March 7, 2014
That case is Rosemond v. U.S., and it is the first major ruling by the Supreme Court in the field of aiding and abetting law since 1980’s Standefer v. U.S. (which held that a person may be convicted of aiding and abetting where the crime’s principal (that is, the primary person or persons behind the criminal act) was acquitted).
The aiding and abetting statute in question here is 18 U.S.C. § 2, which states that “a person who furthers – more specifically, who ‘aids, abets, counsels, commands, induces or procures’ – the commission of a federal offense ‘is punishable as a principal.’”
Instead of increasing potential aiding and abetting liability as Standefer did, Rosemond decreased it.
In the seven to two decision (Justices Alito and Thomas dissenting), the Court resolved a circuit split over the question of whether the offense of aiding and abetting in the use of a firearm during and in relation to a drug trafficking crime requires proof of the defendant’s “intentional facilitation or encouragement of the use of the firearm,” or “if simple knowledge that the principal used a firearm during a drug trafficking crime in which the defendant also participated is sufficient.”
The facts of Rosemond are as follows:
In August 2007, Justus Rosemond and Ronald Joseph met Ricardo Gonzalez in a park to sell marijuana. Gonzalez tried to steal the marijuana, whereupon he was fired on while fleeing (though it is disputed who it was that fired the shots). Rosemond was captured and charged with multiple drug- and firearm-related offenses.

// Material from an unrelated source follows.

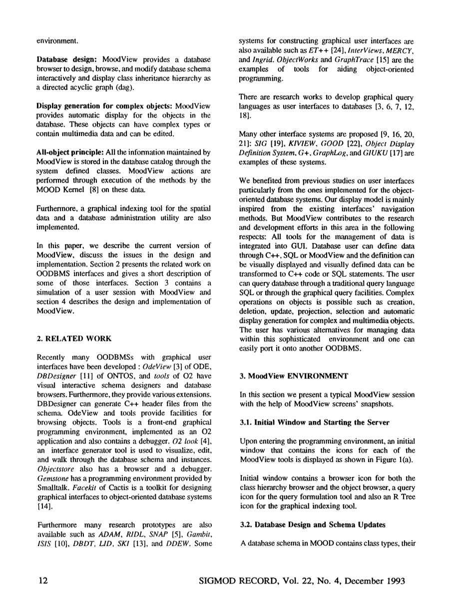 在本文中,我们讨论了MoodView当前的版本和设计中的问题和实现,第2节介绍了在OODBMS接口上相关的努力,并给出这些接口的一个简短的描述。第三节包含一个和MoodView的模拟用户会话。第4节描述了MoodView的设计和实现。

After a trial, the jury convicted Rosemond on all charges. Rosemond appealed, arguing that the trial court’s jury instructions pertaining to the aiding and abetting theory – that it was enough for them to find that Rosemond knew it was a drug trafficking crime and that Joseph had used a gun – were incorrect, and instead that the jury must find that Rosemond “intentionally took some action to facilitate or encourage the use of a firearm” to reach a conviction.
The Tenth Circuit disagreed with Rosemond, affirming his conviction.

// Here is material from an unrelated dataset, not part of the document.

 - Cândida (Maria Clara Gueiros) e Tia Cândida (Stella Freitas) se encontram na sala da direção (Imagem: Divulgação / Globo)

The Supreme Court, however, reversed the court of appeals, siding with Rosemond.
Specifically, the Court ruled that although a defendant need only act to further only one element of a crime to be convicted of aiding and abetting, that same defendant must also have foreknowledge that of the entire crime that is intended. Broken down into law school terms, the “act” part of aiding and abetting can be satisfied as to only one part of the crime’s element, but the “mens rea” part of the crime can only be satisfied if the defendant has knowledge that every element of the crime is intended.

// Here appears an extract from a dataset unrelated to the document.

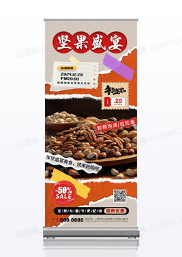 撕纸拼接风坚果盛宴年货盛宴核桃美食零食展架易拉宝
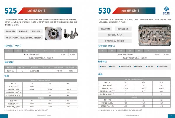 525适用于各种热作(热挤压、压铸、复杂型腔热锻)模具i,主要针对高韧性和高硬度兼具的热作模及工程用钢,也可以作为冷作模具材料(如重型冲裁、冷锻等),还可用于高镜面、高耐磨高韧性的复杂型腔

This foreknowledge must be sufficient such that the defendant “can do something about” the crime – specifically, either to continue participating or to stop.
In regards to this case, Justice Kagan, the author of the majority opinion wrote, “if a defendant continues to participate…after a gun is displayed…, the jury can permissibly infer” that he had the requisite knowledge. “But when an accomplice knows nothing of a gun until it appears at the scene, …he may at that point have no realistic opportunity to quit the crime.”
Justice Alito’s dissent, indicative of his tendency to side with law enforcement and the state in criminal cases, labeled the majority’s “realistic opportunity” rule a “unprecedented alteration of the law of aiding and abetting and of the law of intentionality generally,” further bemoaning that the ruling will place “a strange and difficult burden on the prosecution” in that it holds the state to a higher burden while potentially allowing aiding and abetting defendants far more leverage to defeat criminal charges for lack of sufficient mens rea.
It remains to be seen whether Justice Alito’s dissenting grievances will come to pass, but, considering the significance of the ruling, we likely won’t have long to wait before we can see its impact on criminal law.